Problem to work on => What needs reproducing is the run of lines in the data below starting at the line with "12月8日,工作人員在開箱儀式上展示卡拉瓦喬的作品《捧果籃的男孩》。" and ending at the line with "La cassetta festonata", both ends included. Copy it exactly, without pictures, and add nothing.

Records supplied =>

=== Section Start ===

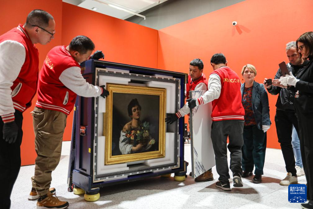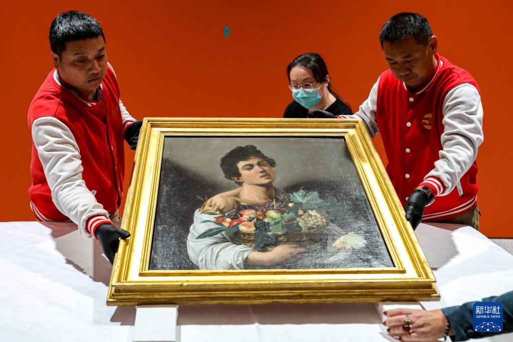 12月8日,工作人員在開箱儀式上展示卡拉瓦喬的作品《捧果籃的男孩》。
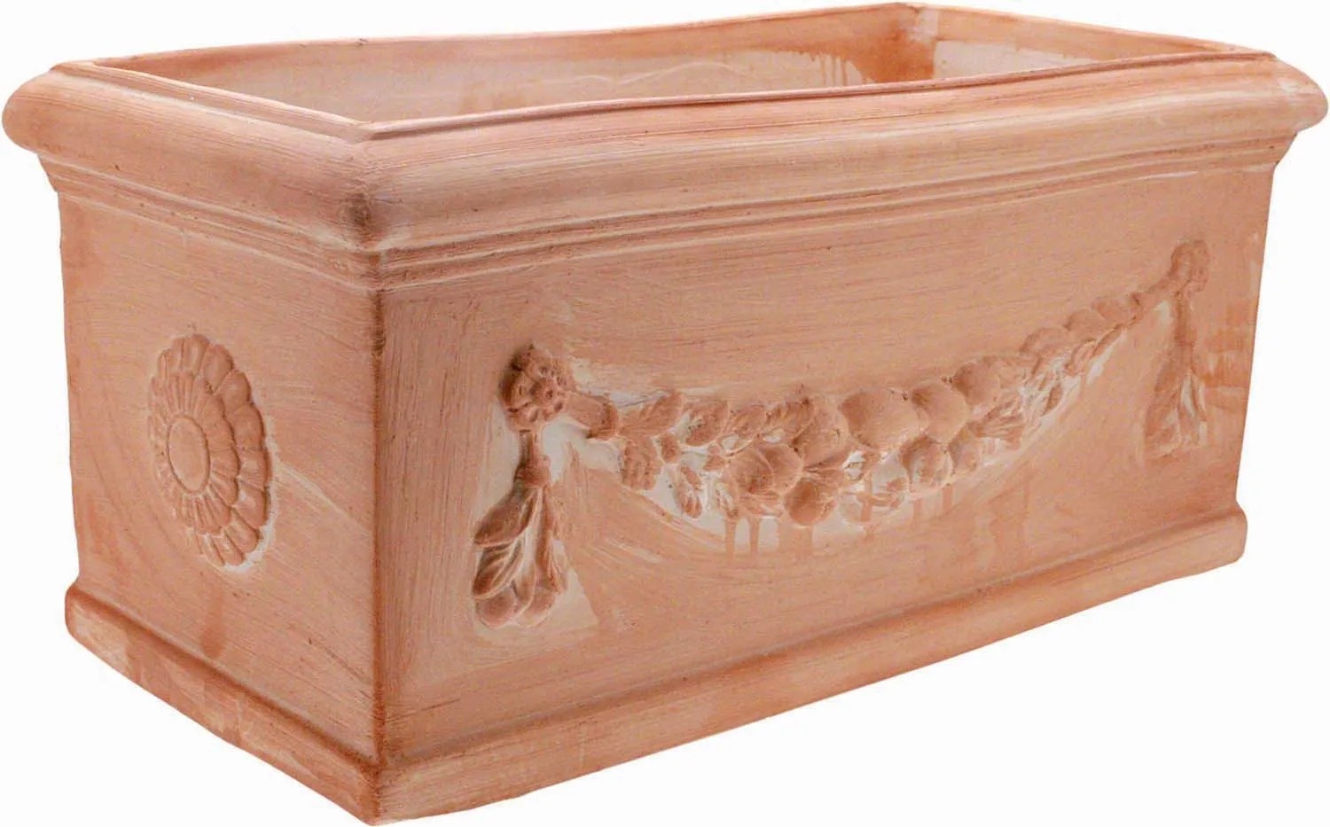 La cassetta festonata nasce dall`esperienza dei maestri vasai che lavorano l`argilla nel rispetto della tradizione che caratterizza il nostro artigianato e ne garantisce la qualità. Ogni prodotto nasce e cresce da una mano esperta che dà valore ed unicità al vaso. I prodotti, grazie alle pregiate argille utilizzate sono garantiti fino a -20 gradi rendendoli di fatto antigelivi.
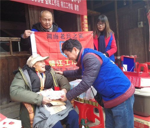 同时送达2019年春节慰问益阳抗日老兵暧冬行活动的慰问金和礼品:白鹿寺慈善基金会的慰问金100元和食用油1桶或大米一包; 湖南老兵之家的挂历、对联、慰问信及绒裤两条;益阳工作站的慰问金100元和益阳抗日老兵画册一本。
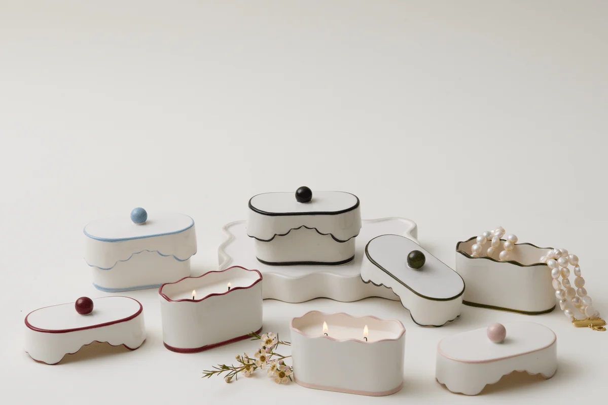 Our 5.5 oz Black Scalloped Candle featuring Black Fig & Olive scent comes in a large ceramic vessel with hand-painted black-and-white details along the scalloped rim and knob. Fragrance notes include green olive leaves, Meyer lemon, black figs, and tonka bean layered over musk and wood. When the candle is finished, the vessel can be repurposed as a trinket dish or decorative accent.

=== Section End ===
=== Section Start ===

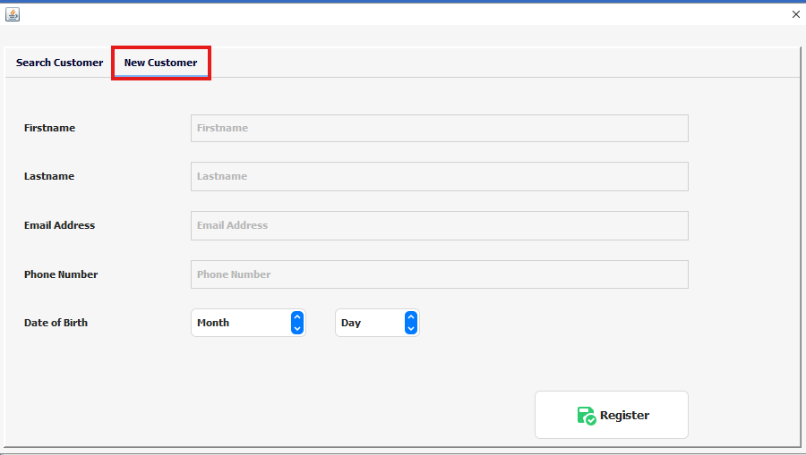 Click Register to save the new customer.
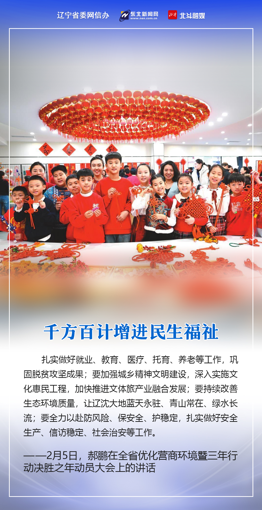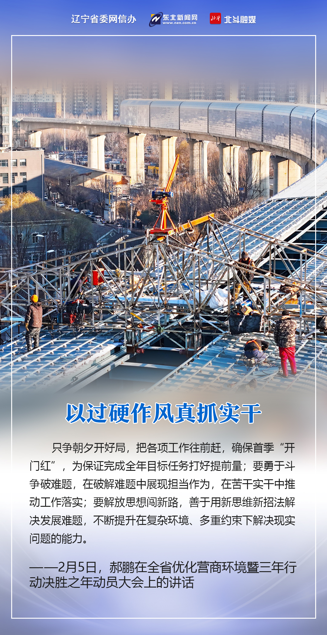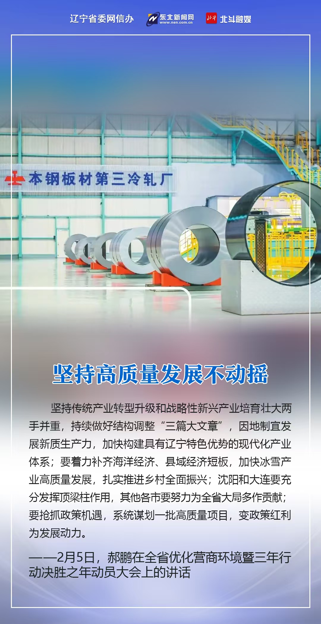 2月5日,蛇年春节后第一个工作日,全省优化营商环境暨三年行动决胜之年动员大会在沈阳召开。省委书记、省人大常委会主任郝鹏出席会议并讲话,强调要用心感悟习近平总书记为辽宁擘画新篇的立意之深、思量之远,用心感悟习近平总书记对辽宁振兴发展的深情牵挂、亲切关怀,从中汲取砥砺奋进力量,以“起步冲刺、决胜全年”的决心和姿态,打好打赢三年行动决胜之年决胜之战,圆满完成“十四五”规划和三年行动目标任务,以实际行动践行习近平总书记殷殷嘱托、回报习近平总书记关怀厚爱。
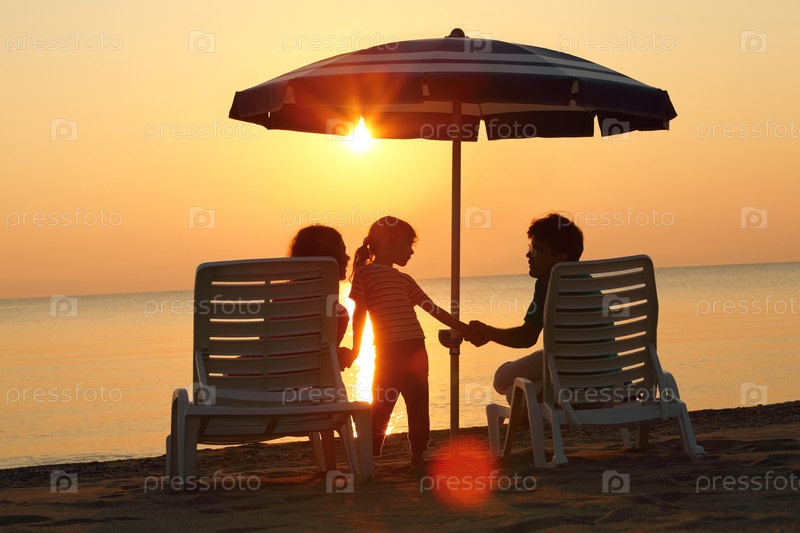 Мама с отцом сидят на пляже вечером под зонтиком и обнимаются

=== Section End ===

Solved problem =>
 12月8日,工作人員在開箱儀式上展示卡拉瓦喬的作品《捧果籃的男孩》。
 La cassetta festonata nasce dall`esperienza dei maestri vasai che lavorano l`argilla nel rispetto della tradizione che caratterizza il nostro artigianato e ne garantisce la qualità. Ogni prodotto nasce e cresce da una mano esperta che dà valore ed unicità al vaso. I prodotti, grazie alle pregiate argille utilizzate sono garantiti fino a -20 gradi rendendoli di fatto antigelivi.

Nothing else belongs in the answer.